What struck me most powerfully was the way in which folktales, which were originally very scatalogical and "earthy" were modified and re-written to become not only cautionary tales, but also tales to "improve the moral standing" of children. That particular emphasis was put on breaking the spirit of the child - the earlier the better - in order to make them malleable and manageable I found particularly interesting (and appalling.) Given the early stages of industrialization when many of these tales were put to print, this makes sense.
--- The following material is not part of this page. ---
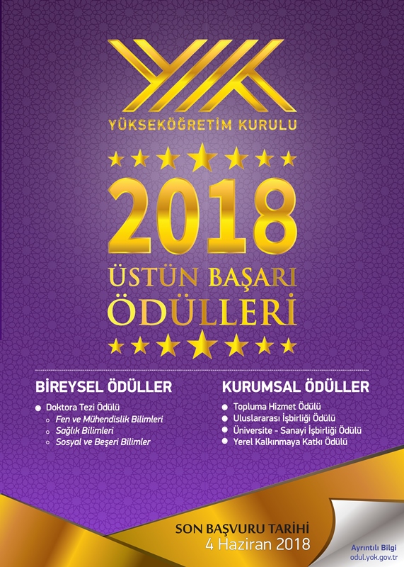 Yeni YÖK olarak geçen yıl uygulamaya koyduğumuz YÖK Üstün Başarı Ödülleri’nin 2018 yılı için başvuru süreci başlamıştır.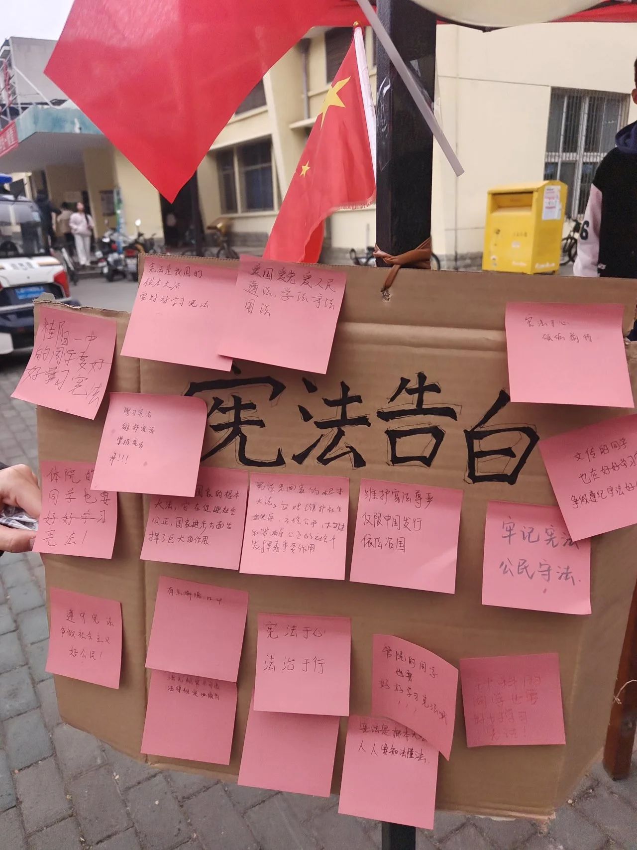 此外,學(xué)生會(huì)工作人員還精心準(zhǔn)備了憲法留言板,同學(xué)們?cè)趯W(xué)習(xí)憲法知識(shí)后,可以用國(guó)家通用語(yǔ)言或自己民族的語(yǔ)言寫下對(duì)憲法的感悟話語(yǔ)。

Tartar doesn't go far enough, I think, in drawing the parallel that these ideas remain in some parenting books and in the way in which some children are instructed even today.

A fascinating read, and one which I strongly recommend, particularly to those who have children or teach.
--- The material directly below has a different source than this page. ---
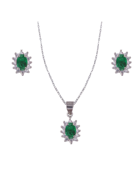 Conjunto Plata Mujer PJUE344/V Circonitas Verde Bicolor Blanca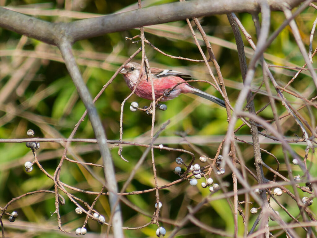 急に暖かくなった3連休の初日、きっとベニマシコが出てるだろうと何故か確信して行ってみた。着いたのは10:30、聞くとさっき3羽出ていたらしい。あらら、残念!でもこの陽気ならきっとまた出るだろうと、気長に待つ。その間にヒクイナが出てくれた。今冬3度目の出会いでうれしい。本命のベニマシコは12時頃にかなり長く出てくれてラッキー。数人のカメラマンは納得で帰ってしまい、私は撮れた画像をチェックしていたら又出てきた。この陽気ならさもありなんと予想が当たってうれしい。ハイタカも出てきて頭上を悠然と飛び、ミサゴも飛ぶなど、久々に活発な鳥達の動きに会えて、本格的な春の到来を肌で感じた今日の鳥撮りだった。

SOME RATHER GRIM BUT IMPORTANT READING HERE.5
I absolutely despise the term "a must read" but I almost have to use it in this case for anyone engaged in the study and understanding of fairy tales or folk lore, and the impact these tales have had upon our society through the years. This is probably one of the most readable and insightful works on the subject I've had the pleasure of reading and I learned much. As with any such work, the reader needs to combine the information found between the covers of this book and compare it with other works of this ilk and the own readers knowledge and common sense. That being said....

Mara Tatar, of whom I am a big fan, has broken this work down into chapters, each covering ad different aspect of the traditional fair tale. These various subjects include Rewritten by Adults: The Inscription of Children's Literature, Teaching Them A Lesson: The Pedagogy of Fear in Fairy Tales, Just Desserts: Reward-and-Punishment Tales, Wilhelm Grimm/Maurice Sendak: Dear Mili and the Art of Dying Happily Ever After, Daughters of Eve: Fair Tale Heroines and their Seven Sins, Tyranny at Home: "Catskin" and "Cinderella," Beauties and Beasts: From Blind Obedience to Love at First Sight, "As Sweet as Love": Violence and the Fulfillment of Wishes, Table Matters: Cannibalism and Oral Greed, Telling Differences: Parents vs. Children in "The Juniper Tree," and Reinvention through Intervention.

Each subject chapter is interlock with the others and there are frequent footnotes and cross references. It is noted that the general flavor of this work leans towards feminism and the use of the fairy tale to either control or encourage the female child. It also leans heavily toward the psychological significance of each of the tales covered both from a current perspective and the past. The author has done a wonderful bit of research in bringing us the origin of these tales, their purposes and their uses over the years. Emphasis has been placed upon the difference of the oral telling of these tales and that of what finally came into print. The text also gives us a good look at the evolution of these tales down through the years, from culture to culture, from era to era.

I was particularly glad to read the section devoted to violence and fulfillment of wishes and its addressing the cruelty to not only people, but that of animals. Between this and the sections dealing with sexual matters (which by the way, there were many), the reader must be prepared for some very grim reading. At the same time, the reader needs to constantly remind themselves when and for whom these stories were written for and what their original intent was. The historical period in all of these stories is quite important.

Ms. Tartar has approached her subject with great taste and high standards of literacy. You actually learn something from reading this work. Some may not agree with her premises all of the time, but I personally would have no qualms in defending a vast majority of her opinions.

Again, this is a work that should be read with others and comparisons made, but those who have an interest in this subject should certainly place it toward the top of their reading list.